# EXERCISE REQUIREMENTS
The records that follow should be returned exactly, pictures excluded.

# TASK MATERIAL
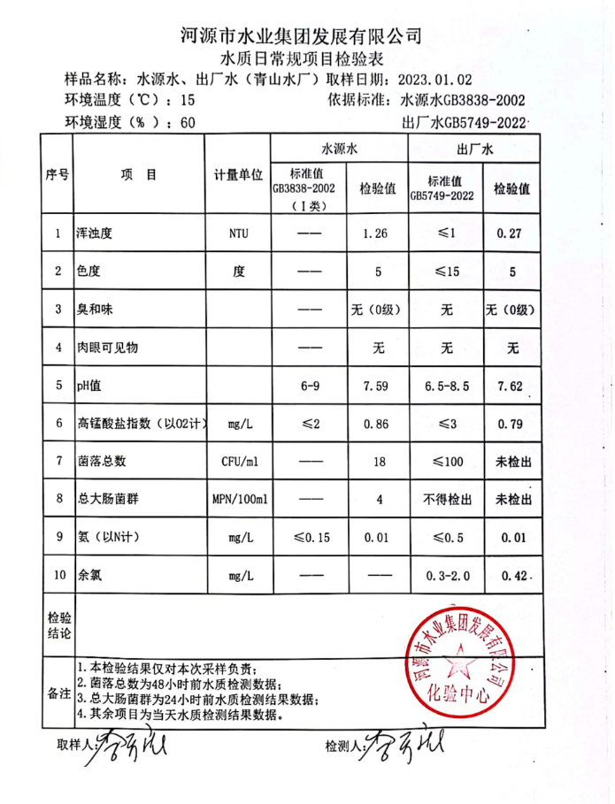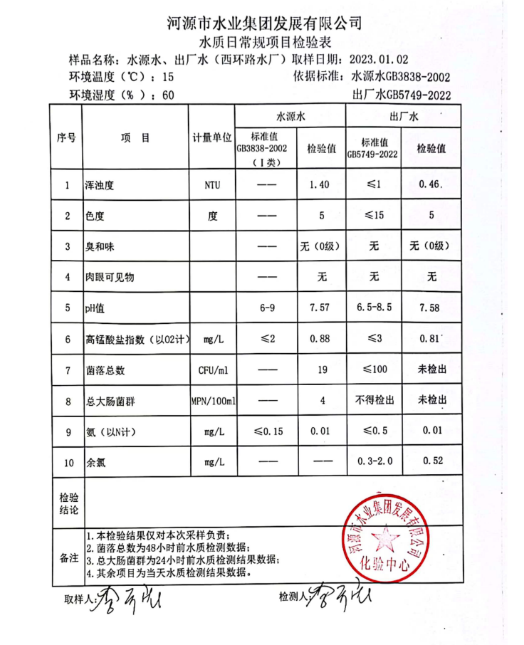 2023年1月2日水質檢驗報告
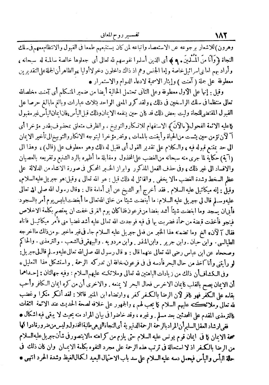 وهرون للإشعار برجوعه عن الإستعصاء وإتباعه لمن كان يستتبعهم طمعا في القبول والإنتظام معهم في سلك النجاة وأنا من المسلمين 90 أي الذين أسلموا نفوسهم لله تعالى أي جعلوها خالصة سالمة له سبحانه وأراد بهم إما بني إسرائيل خاصة وإما الجنس وهم إذ ذاك داخلون دخولاأوليا والظاهر أن الجملة على التقديرين معطوفة على جملة آمنت وإيثار الإسمية لإدعاء الدوام والإستمرار
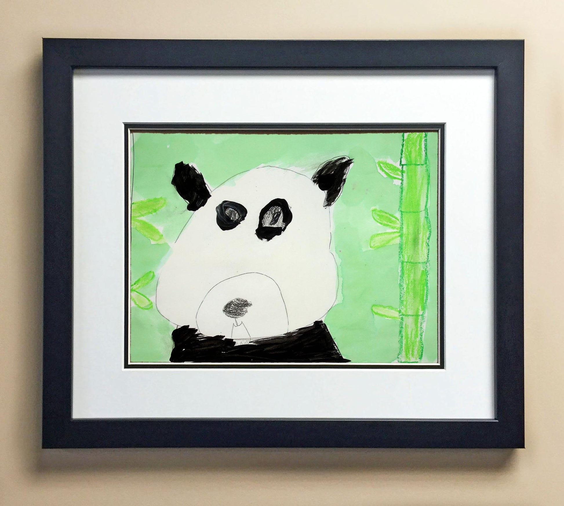 Included with the purchase is the Students Artwork, Frame, double matboard, shatter proof plexiglass, and a ready to hang backerboard with turnbuttons
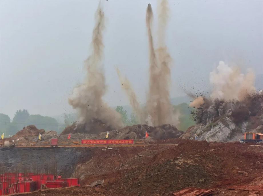據(jù)勘察,現(xiàn)場(chǎng)地質(zhì)條件復(fù)雜罕見(jiàn),需爆破石方總量約10萬(wàn)立方米。為此,該公司積極組織各參建單位和有關(guān)專家,通過(guò)多輪現(xiàn)場(chǎng)踏勘和集中研討,最終確定采用機(jī)械鉆孔填充炸藥的方式,分15次實(shí)施爆破,本次石方爆破量約8000立方米。
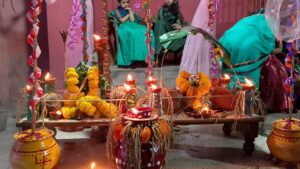 उन्हे अच्छा और सुंदर वर की प्राप्ति होती है, कल अर्ध रात्रि को इस पूजन का प्रारंभ भाजपा के पूर्व जिला अध्यक्ष दिनेश कुमार ने दीप प्रज्ज्वलित कर किया, उसके बाद विधि विधान के साथ पूजन पद्धति संपन्न हुई।
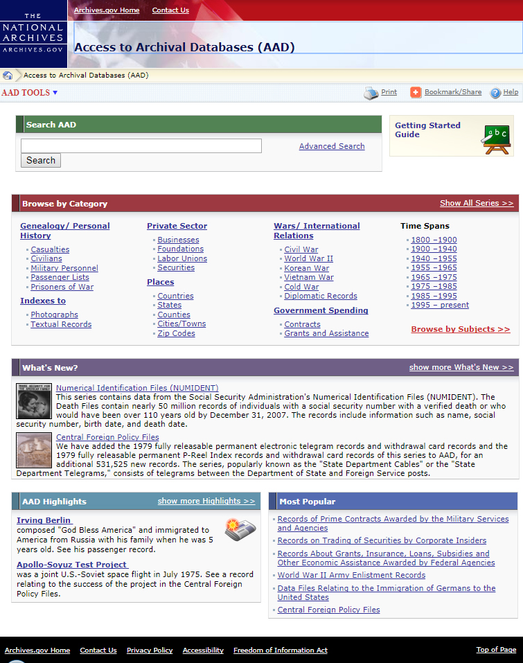 NARA’s Access to Archival Databases—the first stop for many electronic records researchers. (https://aad.archives.gov/aad/)
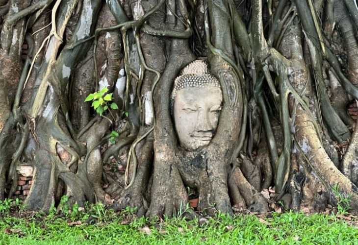 ワット・マハタートを訪れ、木の根に埋もれた世界的に有名な仏頭をご覧ください。タイを象徴する象徴の一つです。
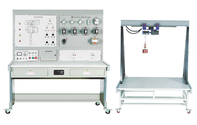 LGDQ-PDH型電動葫蘆電氣技能實訓考核裝置由電源控制部分、機床電氣控制部分、半仿真機床實物部分構成。電源控制部分包括實訓定時、定時報警、安全用電自動控制等,機床電氣控制部分把整臺機床內部電器裝在正面面板上,能直觀地觀察機床工作時各電器的動作狀況。故障點在面板上設有相應測試點,供實訓考核者測試用。仿真機床部分能模擬機床各種運動。通過電動葫蘆電氣技能實訓考核裝置的實訓能使學員掌握機床常見故障的現(xiàn)象、故障產生的大概部位,熟練掌握機床電路工作原理,其是維修電工初、中、高級技能鑒定的理想實訓設備。
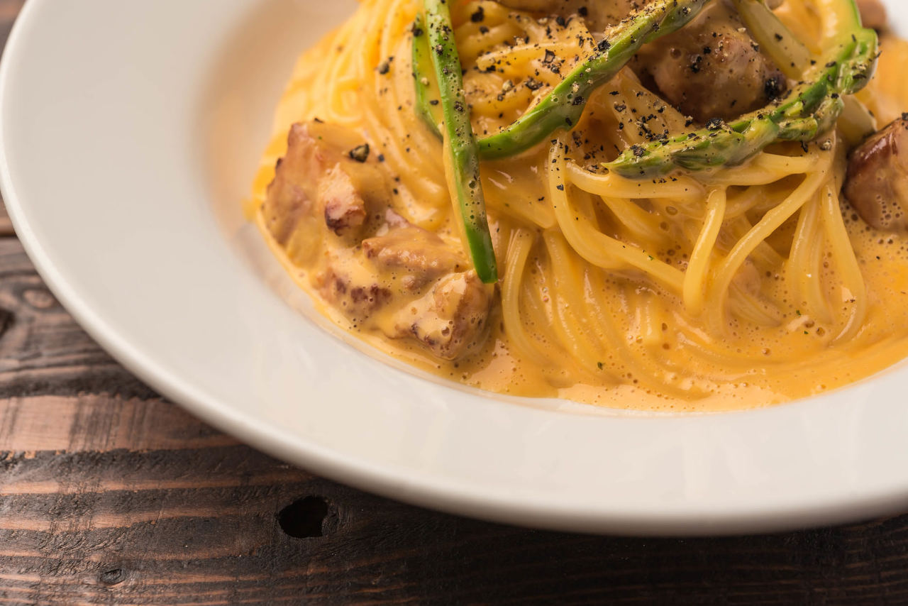 鸡蛋, 培根, 意大利面, 鲜奶油, 奶酪, 牛奶
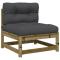 Salon de jardin 4 pcs avec coussins bois de pin imprégnéCet ensemble de canapés de jardin est le complément parfait de votre arrière-cour, terrasse ou patio, offrant un espace confortable et accueillant pour discuter avec la famille et les amis ou simplement se détendre et profiter de l'extérieur. Matériau robuste et durable : le bois de pin massif est connu pour sa résistance et sa durabilité. Ses grains droits et ses noeuds distinctifs contribuent à son charme rustique. Il a été imprégné avec une solution de conservation et a subi un traitement en autoclave, ce qui renforce sa résistance à la pourriture et aux intempéries.Expérience d'assise confortable : ce mobilier d'extérieur, doté de coussins épais, offre une expérience d'assise confortable.Bien ventilé et prévention de l'accumulation d'eau : la conception à lattes favorise une circulation optimale de l'air et empêche efficacement l'accumulation d'eau, assurant ainsi une assise sèche et confortable.Conception modulaire : cet ensemble de meubles d'extérieur a une conception modulaire, ce qui le rend complètement flexible et facile à déplacer, afin que vous puissiez créer un agencement de meubles d'extérieur personnalisé. Bon à savoir :Pour que vos meubles d'extérieur restent beaux, nous vous recommandons de les protéger avec une housse imperméable. Maximum 110 kg par siège. Soyez conscient du risque de feu ouvert et d'autres sources de forte chaleur à proximité de l'appareil.

# ANSWER SPACE
 2023年1月2日水質檢驗報告
 وهرون للإشعار برجوعه عن الإستعصاء وإتباعه لمن كان يستتبعهم طمعا في القبول والإنتظام معهم في سلك النجاة وأنا من المسلمين 90 أي الذين أسلموا نفوسهم لله تعالى أي جعلوها خالصة سالمة له سبحانه وأراد بهم إما بني إسرائيل خاصة وإما الجنس وهم إذ ذاك داخلون دخولاأوليا والظاهر أن الجملة على التقديرين معطوفة على جملة آمنت وإيثار الإسمية لإدعاء الدوام والإستمرار
 Included with the purchase is the Students Artwork, Frame, double matboard, shatter proof plexiglass, and a ready to hang backerboard with turnbuttons
據(jù)勘察,現(xiàn)場(chǎng)地質(zhì)條件復(fù)雜罕見(jiàn),需爆破石方總量約10萬(wàn)立方米。為此,該公司積極組織各參建單位和有關(guān)專家,通過(guò)多輪現(xiàn)場(chǎng)踏勘和集中研討,最終確定采用機(jī)械鉆孔填充炸藥的方式,分15次實(shí)施爆破,本次石方爆破量約8000立方米。
 उन्हे अच्छा और सुंदर वर की प्राप्ति होती है, कल अर्ध रात्रि को इस पूजन का प्रारंभ भाजपा के पूर्व जिला अध्यक्ष दिनेश कुमार ने दीप प्रज्ज्वलित कर किया, उसके बाद विधि विधान के साथ पूजन पद्धति संपन्न हुई।
 NARA’s Access to Archival Databases—the first stop for many electronic records researchers. (https://aad.archives.gov/aad/)
 ワット・マハタートを訪れ、木の根に埋もれた世界的に有名な仏頭をご覧ください。タイを象徴する象徴の一つです。
 LGDQ-PDH型電動葫蘆電氣技能實訓考核裝置由電源控制部分、機床電氣控制部分、半仿真機床實物部分構成。電源控制部分包括實訓定時、定時報警、安全用電自動控制等,機床電氣控制部分把整臺機床內部電器裝在正面面板上,能直觀地觀察機床工作時各電器的動作狀況。故障點在面板上設有相應測試點,供實訓考核者測試用。仿真機床部分能模擬機床各種運動。通過電動葫蘆電氣技能實訓考核裝置的實訓能使學員掌握機床常見故障的現(xiàn)象、故障產生的大概部位,熟練掌握機床電路工作原理,其是維修電工初、中、高級技能鑒定的理想實訓設備。
 鸡蛋, 培根, 意大利面, 鲜奶油, 奶酪, 牛奶
 Salon de jardin 4 pcs avec coussins bois de pin imprégnéCet ensemble de canapés de jardin est le complément parfait de votre arrière-cour, terrasse ou patio, offrant un espace confortable et accueillant pour discuter avec la famille et les amis ou simplement se détendre et profiter de l'extérieur. Matériau robuste et durable : le bois de pin massif est connu pour sa résistance et sa durabilité. Ses grains droits et ses noeuds distinctifs contribuent à son charme rustique. Il a été imprégné avec une solution de conservation et a subi un traitement en autoclave, ce qui renforce sa résistance à la pourriture et aux intempéries.Expérience d'assise confortable : ce mobilier d'extérieur, doté de coussins épais, offre une expérience d'assise confortable.Bien ventilé et prévention de l'accumulation d'eau : la conception à lattes favorise une circulation optimale de l'air et empêche efficacement l'accumulation d'eau, assurant ainsi une assise sèche et confortable.Conception modulaire : cet ensemble de meubles d'extérieur a une conception modulaire, ce qui le rend complètement flexible et facile à déplacer, afin que vous puissiez créer un agencement de meubles d'extérieur personnalisé. Bon à savoir :Pour que vos meubles d'extérieur restent beaux, nous vous recommandons de les protéger avec une housse imperméable. Maximum 110 kg par siège. Soyez conscient du risque de feu ouvert et d'autres sources de forte chaleur à proximité de l'appareil.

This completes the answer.